Major disasters can happen at sea, and they require a massive response. A benchmark exercise in Western Australia demonstrated the power and capabilities of a platform powered by ArcGIS to create a common operating picture, enabling faster and more intelligent response and recovery.
Running over four days in September 2017, Western Australia Department of Transport’s Exercise Ningaloo Challenge was the largest-ever offshore emergency exercise undertaken in Australia.
Managed by the Marine Safety Business Unit, the exercise involved more than 300 personnel, 16 oil companies, nine Western Australia state government agencies and 11 Commonwealth agencies.
The scenario for Exercise Ningaloo Challenge was similar in part to the 2010 Deepwater Horizon oil spill – with total loss of well control and blow-out preventers failing resulting in uncontrolled flow of oil expected to last three months offshore, potentially polluting 1,800 km of West Australian coastline and 300 islands, from Exmouth south to Geraldton.
Central to the success of disaster planning, response, and recovery is the capability of GIS technology to manage, share and analyse real-time data to provide a common operating picture.
Throughout Exercise Ningaloo Challenge, every screen in the command centre displayed a common operating picture running on ArcGIS Enterprise (Portal) with live feeds via GeoEvent Server. During the previous year’s exercise, teams relied on printed maps and struggled to keep up with real-time updates.

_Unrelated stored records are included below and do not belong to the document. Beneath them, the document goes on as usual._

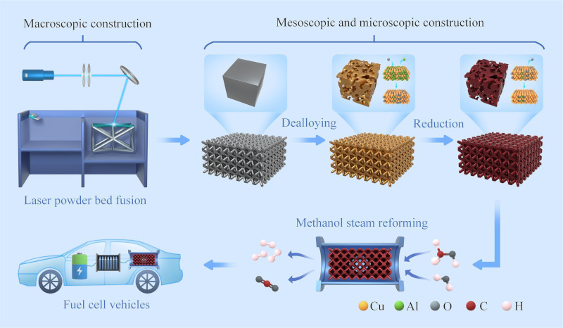图1 3D打印-脱合金技术制备的铜基多级多孔“整体催化剂”在MSR中的应用示意图
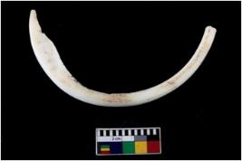 | Description / विवरण | Fragment of an undecorated shell bangle. It is creamish in colour and rectangular in cross section. |
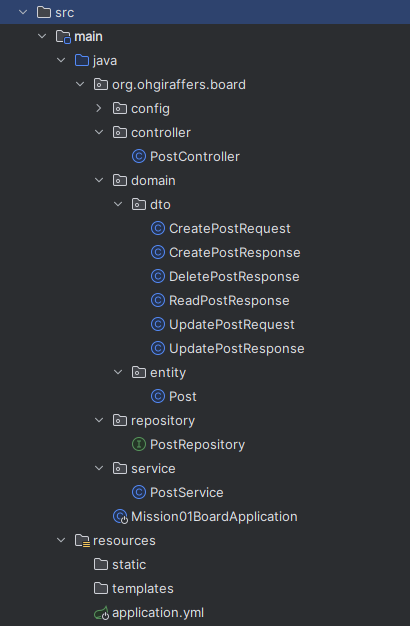 - postService.createPost(request)를 호출하여 게시물을 생성 : dto CreatePostRequest
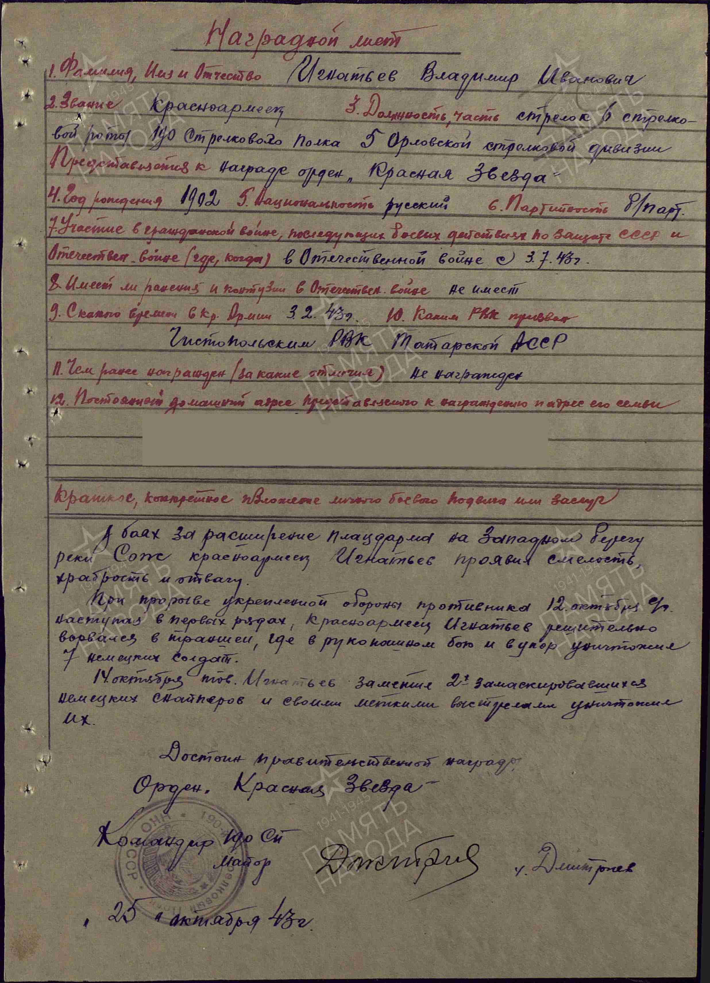 ИГНАТЬЕВ Владимир Иванович, 1902, с. Новоспасск. Мобилизован 3 фев. 1943 Чистопольскам РВК. С 5 июля 1943 воевал на Брянском, Белорусском, 1, 2 и 3 Белорусском фронте в составе 63 А и 3 А. Участник битвы на Курской дуге, освобождения Белоруссии и Прибалтики, боёв в Вост. Пруссии. Красноармеец, стрелок/ санитар-носильщик 190 СП 5 СД. «В боях на подступах к г. Вылковыск (Вилкавишскис) вынес из-под огня противника 21 тяжело раненых бойцов». Награждён орденом Красной Звезды, медалью «За отвагу». Погиб 14 марта 1945, п. Кениглих (Ольховка), Вост. Пруссия (Гвардейский гор. округ, Калининградская обл.).
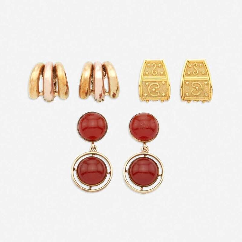 including one pair of eighteen karat gold half hoop earrings with Greek inspired design; one pair of bi-color rose and yellow fourteen karat gold half hoop ear clips; and one pair of earrings with circular cabochon carnelians bezel-set in fourteen karat gold, each suspending another circular cabochon carnelian.
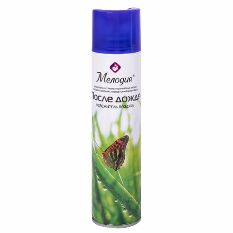 Освежитель воздуха МЕЛОДИЯ "После дождя" быстро и эффективно устраняет неприятные запахи и освежает воздух в жилых и бытовых помещениях. Имеет приятный стойкий аромат, который надолго наполнит помещение свежестью.
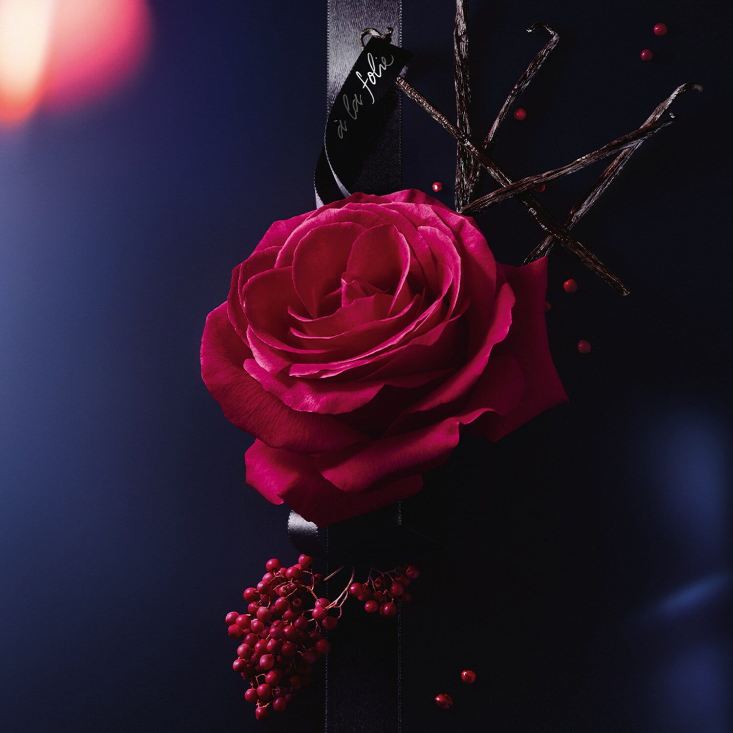 Lancome La Nuit Trésor À La Folie smells of sweet raspberry, jasmine, rose, with a warm vanilla, tonka bean, and patchouli finish.

In 2017, the deployment of the ArcGIS Platform enabled the rapid sharing of information to all participants in near-real time via interactive touch screens – placing the information that was needed in the hands of decision makers.
In addition, Shoreline Assessment Teams (SATs) used Collector for ArcGIS (from ArcGIS Online) and fed information, including photos, back to the Perth office, some 1,200 km away.
The exercise involved people going into the field and simulating a response to the disaster – even down to running daily simulated press conferences, involving participants including senior members of the commercial organisations and senior government representatives, such as the State Marine Pollution Coordinator, the State Disaster Recovery Coordinator and a Petroleum Title Holder CEO.
The capabilities of ArcGIS allow all disaster response and recovery teams to see the same data at the same time, from inside a command centre or in the field.
The value of a common operating picture with focused apps for each part of the response can help save lives, property and money, expediting clean up and recovery operations.
This exercise was the first real business focused use of ArcGIS Enterprise (Portal) for the Department of Transport’s GIS team and the positive feedback and reduced workload has validated the decision to move to delivering a digital platform to support the department’s activities. We look forward to seeing how much further the use of the ArcGIS platform can support the department in the future.